The Female Gaze: Karen Klinedinst – Nature, Loss, and Nurture
©Karen Klinedinst, In the Early Morning, from the series Where I Am; archival pigment print on Hahnemühle Bamboo paper
Karen Klinedinst is a visual artist whose work explores themes of place, our relationship with nature, and the environmental impact we have on the world around us. Through digital, analog, and alternative photographic processes, she creates images and visual stories that reflect on time, memory, and the ephemerality of the natural world.
She has exhibited at Maryland Art Place, University of Maryland Global College, Center for Photographic Arts, Washington County Museum of Fine Arts (Maryland), Biggs Museum of American Art, Griffin Museum of Photography, Maine Museum of Photographic Art, and the Fort Wayne Museum of Art.
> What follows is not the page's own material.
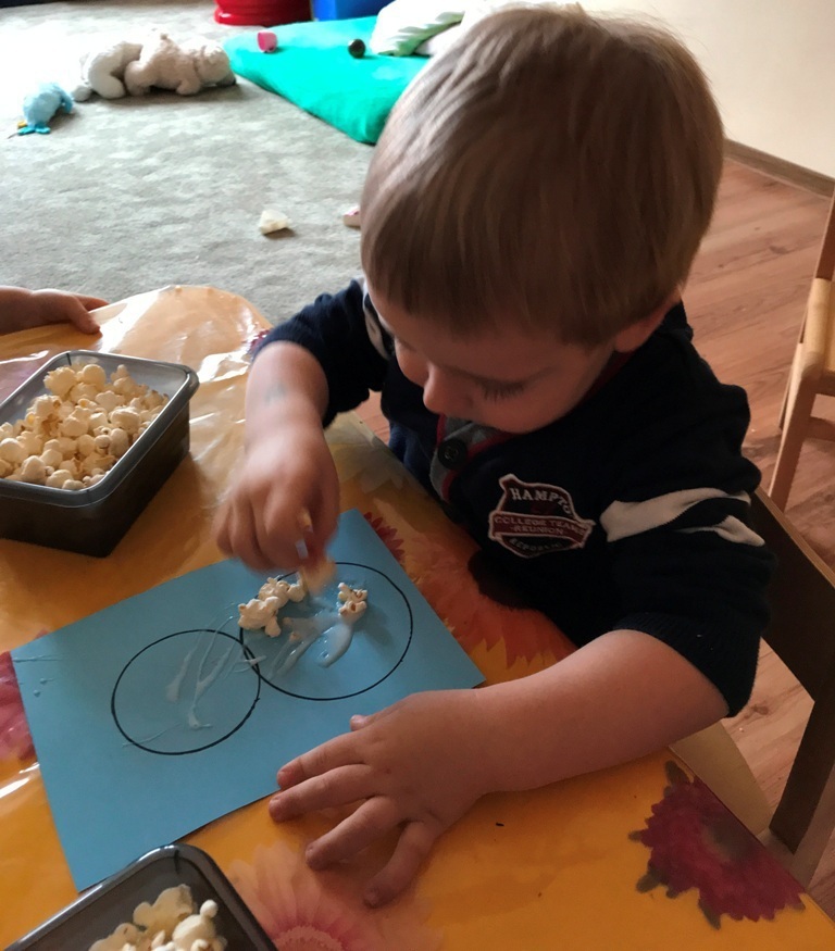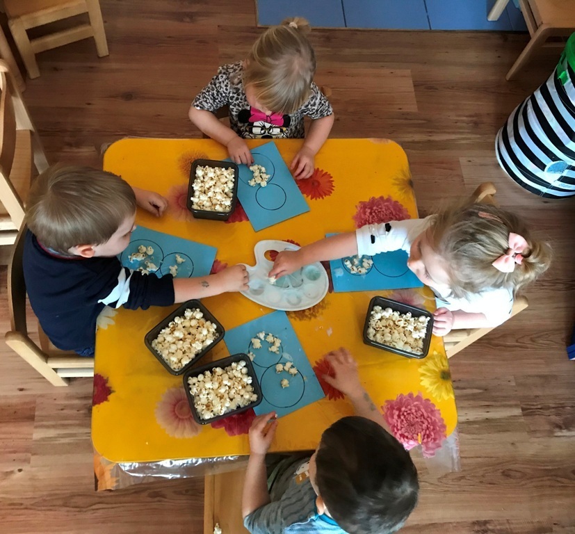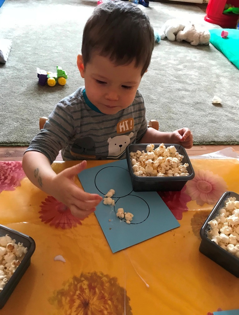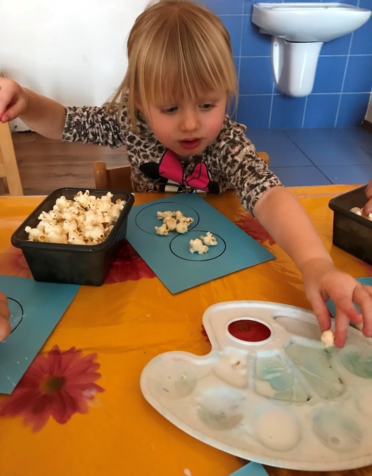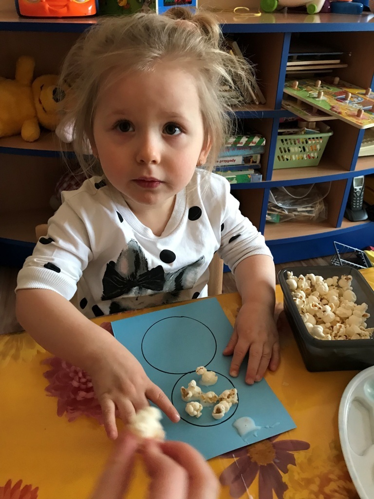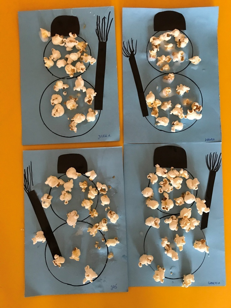 Popkorn wszystkim dzieciom kojarzy się z seansem filmowym w kinie. Grupa Smerfów podjęła wyzwanie, aby sprawdzić do czego jeszcze możemy wykorzystać ten smakołyk. Jednak na samym początku dociekania musieliśmy ustalić skąd wziął się popkorn. Maluchy najpierw dokładnie oglądały ziarenka kukurydzy, później z bezpiecznej odległości obserwowały jak w „magicznej maszynie” powstaje ich ulubiony przysmak. Zaskoczone miny mówiły wiele. Ale to był dopiero początek eksperymentu. Kolejnym etapem było zaspokojenie ciekawości smakowej - czyli kosztowanie popkornu, a na koniec wyklejanie narysowanych konturów bałwanka. Jako, że nasza „magiczna maszyna” wystrzeliła dużą ilość „kukurydzy” każde z obecnych dzieci zabrało jeszcze troszkę do domu.

Her work is in private and public collections, including the Liriodendron Mansion, the National Park Service, and the Fort Wayne Museum of Art.
Karen was an artist-in-residence at the Catskills Center for Conservation and Development, a National Park Service artist-in-residence at Acadia National Park, and a 2022 PLAYA artist-in-residence in Summer Lake, Oregon.
She is a graduate of the Maryland Institute College of Art.
Instagram: @karenklinedinst
© Karen Klinedinste, Remain In Light, from the series Tidal Dreams; archival pigment print on vellum and white gold leaf
I can’t remember when I “met” Karen Klinedinst, I only recall that it was on Facebook. Since we’ve both been significantly involved with mobile photography, I surmise it was in the early days of mobile photography in one of the FB mobile groups. I’ve come to know her personally a bit, but I never knew the story behind her work, only that she makes gorgeous landscapes.
It didn’t escape me that Klinedinst’s work looks back to the Pictorialist aesthetic. That movement, which dominated photography during the late 19th and early 20th centuries, was driven by people focused on creating an emotional image rather than simply recording a documentary one. Klinedinst’s palette references paintings of the Romantic Landscape era, and her use of textures underscores the painterly look of her work. Due to her use of post-production technique using both digital and analog techniques it is also reminiscent of work done by the Brotherhood of the Linked Rings, who thought photography could be more than mechanical, and worked to push manipulations meant to make it such, while reflecting the Masonic values of Good, True, and Beautiful. Klinedinst’s work is certainly representative of those.
I hope you enjoy learning more about Klinedinst and her work as much as I did.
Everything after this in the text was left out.